Data excerpts
——————————
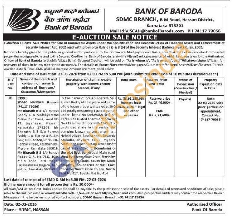 In the name of Sri.B.S.Bharath S/O Suresh Reddy All that piece and parcel of the house property situated at SNO Suresh 136 totally measuring 1 acre 8 guntas under katha No SAHAVAKA 5(1) pr-No 11/11-12 situated apartment bearing , No 415 in fourth floor with 2765qft of Mr undivided share in the residential Suresh complex known as Leo Janani a t 4th Hebbal village, kasaba hobli, Devaraja 136, Mohalla, Mysore Taluk, Mysore hobli, Measuring super built-up area 830Sqft carpet area 611sq ft. Boundaries of the plot East by: Hebbal Main road, West by: Storm water Drain, North by: Storm water Drain, South by: Muda property, Boundaries of flat: East: Corridor, West: Open to Sky, North: Flat No 417, South: Flat No 414
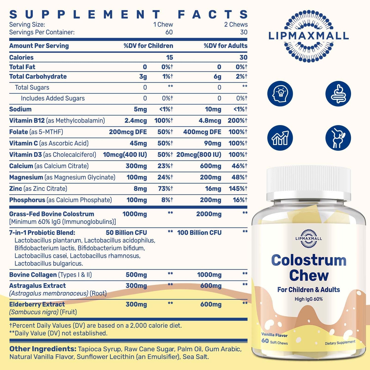 Bovine Colostrum Chews Supplement with 60% IgG for Humans Women Men Kids- for Immune, Gut, Bone, Joint, Cognitive, Overall Growth, from Grass-Fed Cows & Vanilla Flavor, 60 Soft Chews
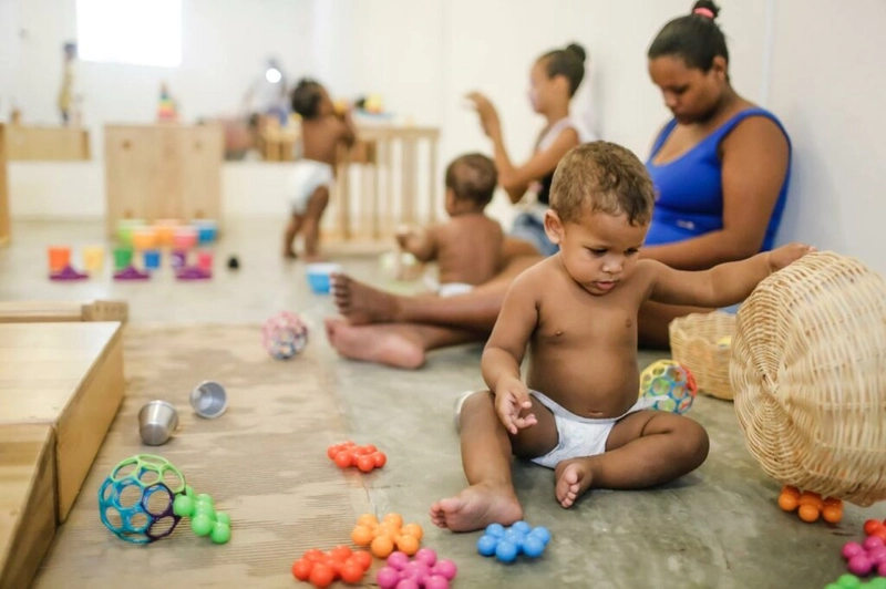 Crianças brincam no Espaço Mãe Coruja
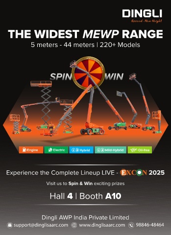 THE WIDEST MEWP RANGE 5 meters - 44 meters | 220+ Models Experience the Complete Lineup LIVE - 2025 Visit us to Spin & Win exciting prizes Hall 4 | Booth A10 Dingli AWP India Private Limited support@dinglisaarc.com www.dinglisaarc.com 98846-48464
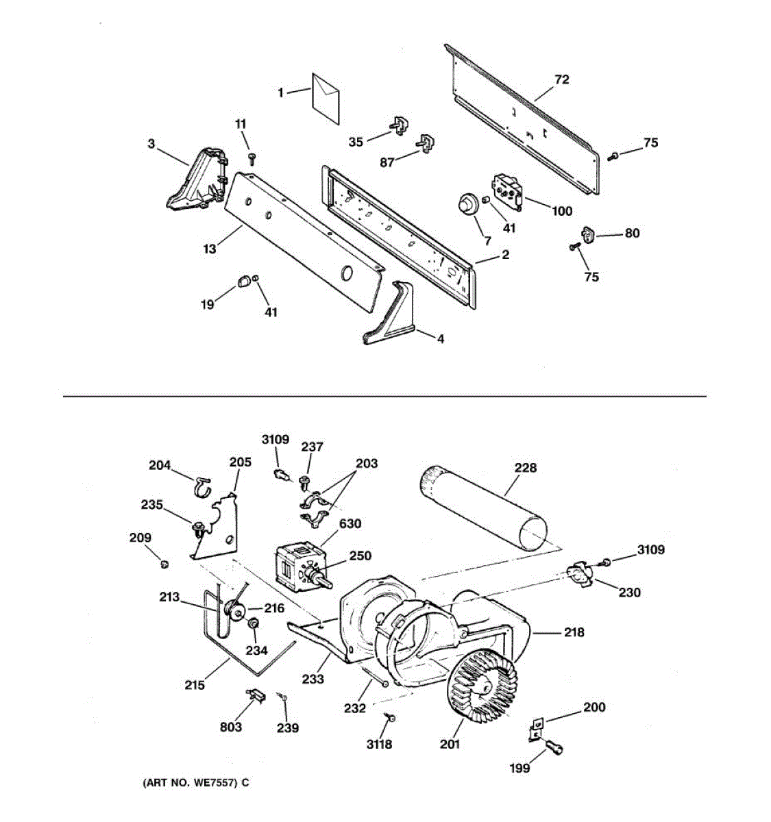The Blower Wheel is an OEM replacement part for GE dryers. It has a role in the air circulation within the dryer, aiding in the even and efficient drying of clothes. The blower wheel, connected to the motor, helps in expelling the moist air out of the dryer through the exhaust vent during the drying cycle. Causes of a malfunctioning blower wheel are typically wear and tear from regular use, the accumulation of lint or debris, or damage to the wheel’s fins or central hub, which can impact its rotation and air circulation capability. Symptoms of a bad Blower Wheel include:
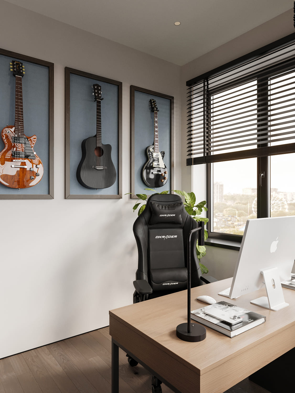 Главная особенность — стена с коллекцией гитар, оформленных в рамах, которая делает интерьер выразительным и отражает характер владельца.
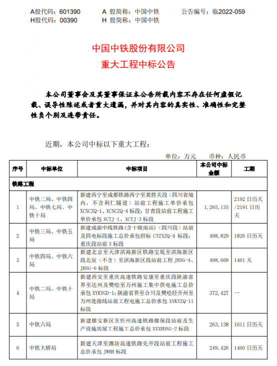 中國(guó)中鐵中標(biāo)價(jià)合計(jì)約人民幣589億元,約占公司2021年?duì)I業(yè)收入的5.51%。
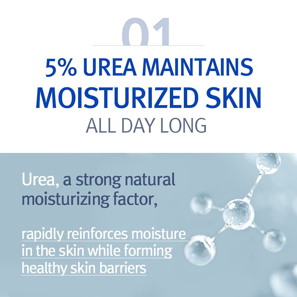 Urea (5%) – factor natural de hidratare (NMF) cu rol umectant puternic. Atrage apa în profunzimea pielii și ajută la menținerea hidratării până la 48 de ore. Reduce descuamarea, netezește zonele aspre și susține formarea unei bariere cutanate mai rezistente.
——————————
What the exercise asks :: A faithful copy of the records above, without images, is what to give back.

Answer to the exercise ::
 In the name of Sri.B.S.Bharath S/O Suresh Reddy All that piece and parcel of the house property situated at SNO Suresh 136 totally measuring 1 acre 8 guntas under katha No SAHAVAKA 5(1) pr-No 11/11-12 situated apartment bearing , No 415 in fourth floor with 2765qft of Mr undivided share in the residential Suresh complex known as Leo Janani a t 4th Hebbal village, kasaba hobli, Devaraja 136, Mohalla, Mysore Taluk, Mysore hobli, Measuring super built-up area 830Sqft carpet area 611sq ft. Boundaries of the plot East by: Hebbal Main road, West by: Storm water Drain, North by: Storm water Drain, South by: Muda property, Boundaries of flat: East: Corridor, West: Open to Sky, North: Flat No 417, South: Flat No 414
 Bovine Colostrum Chews Supplement with 60% IgG for Humans Women Men Kids- for Immune, Gut, Bone, Joint, Cognitive, Overall Growth, from Grass-Fed Cows & Vanilla Flavor, 60 Soft Chews
 Crianças brincam no Espaço Mãe Coruja
 THE WIDEST MEWP RANGE 5 meters - 44 meters | 220+ Models Experience the Complete Lineup LIVE - 2025 Visit us to Spin & Win exciting prizes Hall 4 | Booth A10 Dingli AWP India Private Limited support@dinglisaarc.com www.dinglisaarc.com 98846-48464
The Blower Wheel is an OEM replacement part for GE dryers. It has a role in the air circulation within the dryer, aiding in the even and efficient drying of clothes. The blower wheel, connected to the motor, helps in expelling the moist air out of the dryer through the exhaust vent during the drying cycle. Causes of a malfunctioning blower wheel are typically wear and tear from regular use, the accumulation of lint or debris, or damage to the wheel’s fins or central hub, which can impact its rotation and air circulation capability. Symptoms of a bad Blower Wheel include:
 Главная особенность — стена с коллекцией гитар, оформленных в рамах, которая делает интерьер выразительным и отражает характер владельца.
 中國(guó)中鐵中標(biāo)價(jià)合計(jì)約人民幣589億元,約占公司2021年?duì)I業(yè)收入的5.51%。
 Urea (5%) – factor natural de hidratare (NMF) cu rol umectant puternic. Atrage apa în profunzimea pielii și ajută la menținerea hidratării până la 48 de ore. Reduce descuamarea, netezește zonele aspre și susține formarea unei bariere cutanate mai rezistente.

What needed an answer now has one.